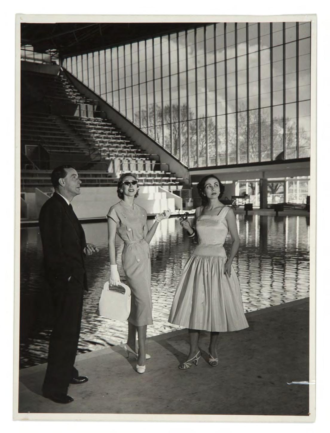 Opposite Diane Masters, Elly Lukas and a Georges Executive, Olympic Pool, Melbourne, 1956, unknown photographer. Gift of Laurie Carew 2008.
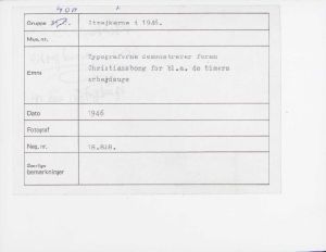 Maskingenkendt tekst fra fotokuvert: Typograferne demonstrerer foran Christiansborg for bl.a. 40 timers arbejdsuge
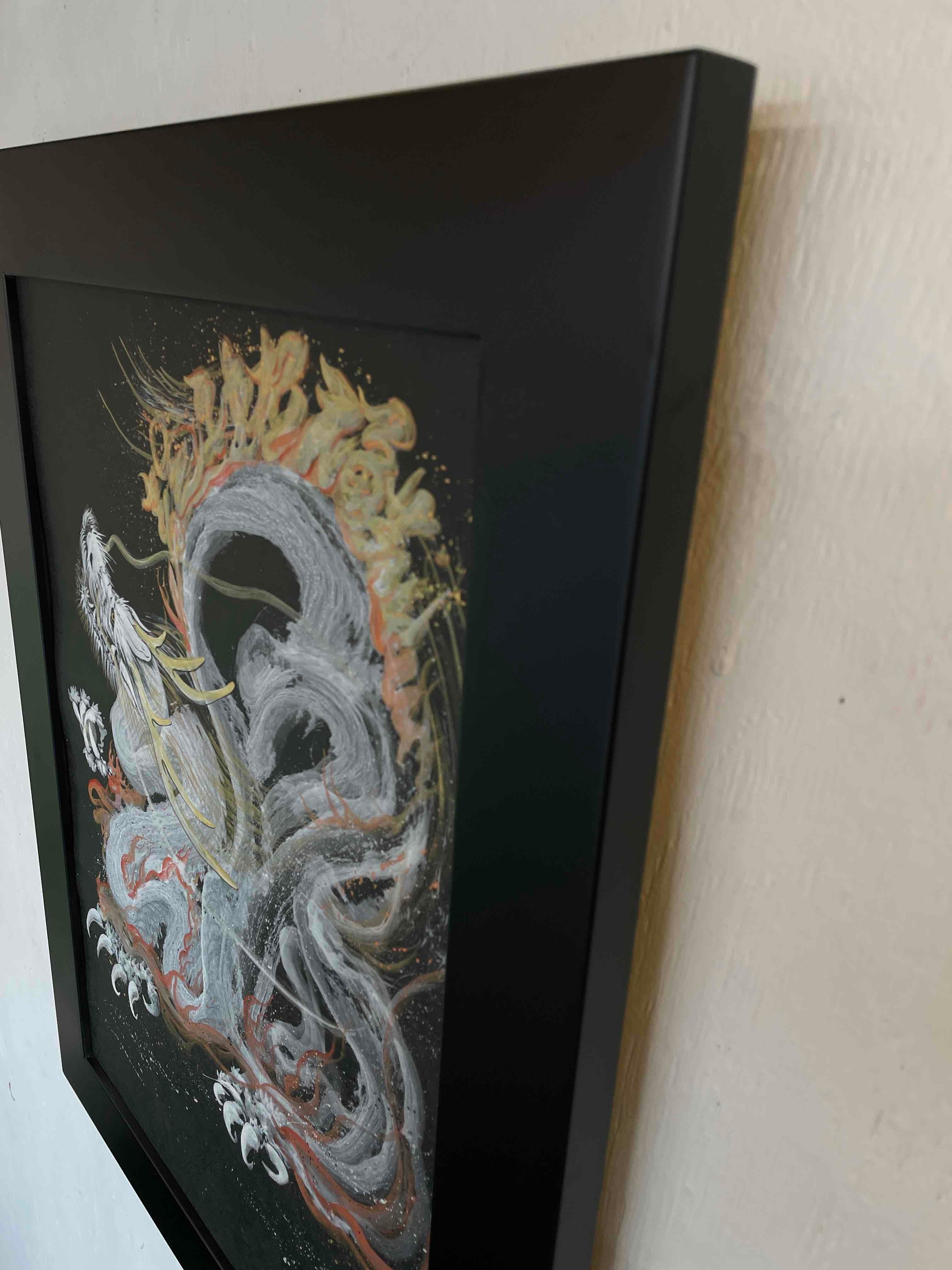 現代水墨画家☆絵師白道 「一筆白福龍」04(直筆作品)真筆証明書 高級額装 /ART Hakudou 絵 絵画 龍 一筆龍 送料無料♪
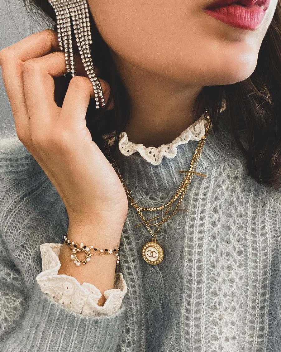 La tendance est, depuis plusieurs saisons, à l’accumulation. N’hésitez pas à mixer les matières (chaînes, pierres,…), les formes (chokers, multi-rangs,…), les longueurs et surtout les pendentifs.
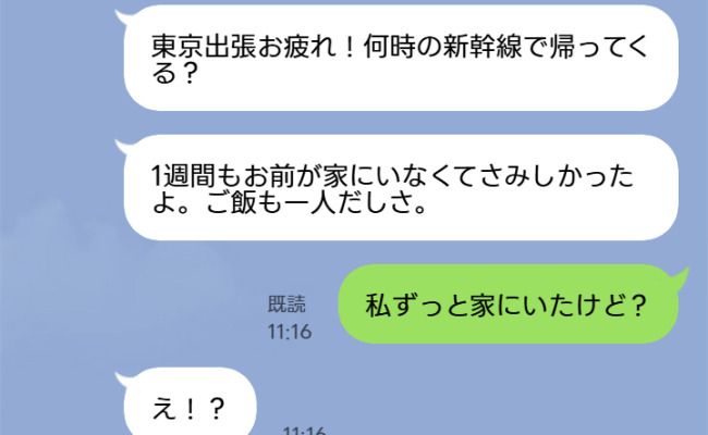 1週間の東京出張に来た私は、取引先の社長さんの体調不良を受けてそのまま引き返すことに。その旨を夫に連絡したうえで新幹線で帰宅したのですが、家に夫の姿はなかったのです……。
○ ○ ○
The expected output is an exact retyping of the lines from the line with "La tendance est, depuis" through the last line of the data, with both ends kept and the pictures dropped.

 La tendance est, depuis plusieurs saisons, à l’accumulation. N’hésitez pas à mixer les matières (chaînes, pierres,…), les formes (chokers, multi-rangs,…), les longueurs et surtout les pendentifs.
 1週間の東京出張に来た私は、取引先の社長さんの体調不良を受けてそのまま引き返すことに。その旨を夫に連絡したうえで新幹線で帰宅したのですが、家に夫の姿はなかったのです……。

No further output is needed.